If we look at the weeks above and use “Weekly Training Hours” or “Weekly Training Miles” as our metric of training load it would lead you to believe that week 1 had the biggest training load. Although when we look at TSS we know that week 2 actually had the greatest training load because of the higher TSS; less time and miles than week 1 but more intensity resulted in a harder week of training. It is also interesting to note that week 1 and week 3 had the same exact training load based on TSS but there was a difference of 2h:28m of training time as well as 50 miles, meaning the intensity during the week 3 rides were also higher overall than the intensity of rides in week 1. Again If you used either time or miles as your metric for training load you would certainly come to the wrong conclusion regarding which weeks were more stressful.
Programming wise It would be easy to come to the conclusion based on those three weeks that I was tapering down training load from week 1 to week 3 based on time/miles but based on TSS you can see that was certainly not the case. Based on TSS we know for a fact that the training load did not go down at all from week 1; I was certainly not tapering.

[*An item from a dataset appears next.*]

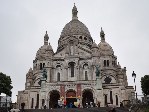 Am Nachmittag besuchten wir die wunderschöne Basilika Sacre-Coeur, mit ihren vielen Verzierungen, die in strahlendem Weiß ganz oben auf dem Montmartre liegt. Von hier hat man eine tolle Aussicht über Paris. Vor ihr befindet sich der Place du Tertre, wo man bei schönem Wetter viele Straßenkünstler und -händler finden kann. Die Auswahl an Souvenirs ist umwerfend!

In the examples above of the workouts and weekly training load we can see why TSS is such an important metric for you to pay attention to and track. From a workout standpoint it will allow you to understand how much recovery time you might need from day to day or how to plan workouts during the week to be effective. From a program standpoint it is so important to understand not only the duration of training you are doing but also the overall intensity as well; more time or more miles does not always equate to more training!
Bottom line is when building a training program it is all about how you progress in duration and intensity. TSS allows for you to do that objectively. Simply tracking miles or hours does not allow you truly understand the impact those miles have on your body.
Shortcut equation to figure out projected TSS of a ride
(IF x IF) x Hours x 100 = TSS
4 hour ride at 80% would be???
(0.80 x 0.80) x 4 x 100 = 256 TSS
Ironman athletes should target 300 or less TSS for 112 mile bike leg.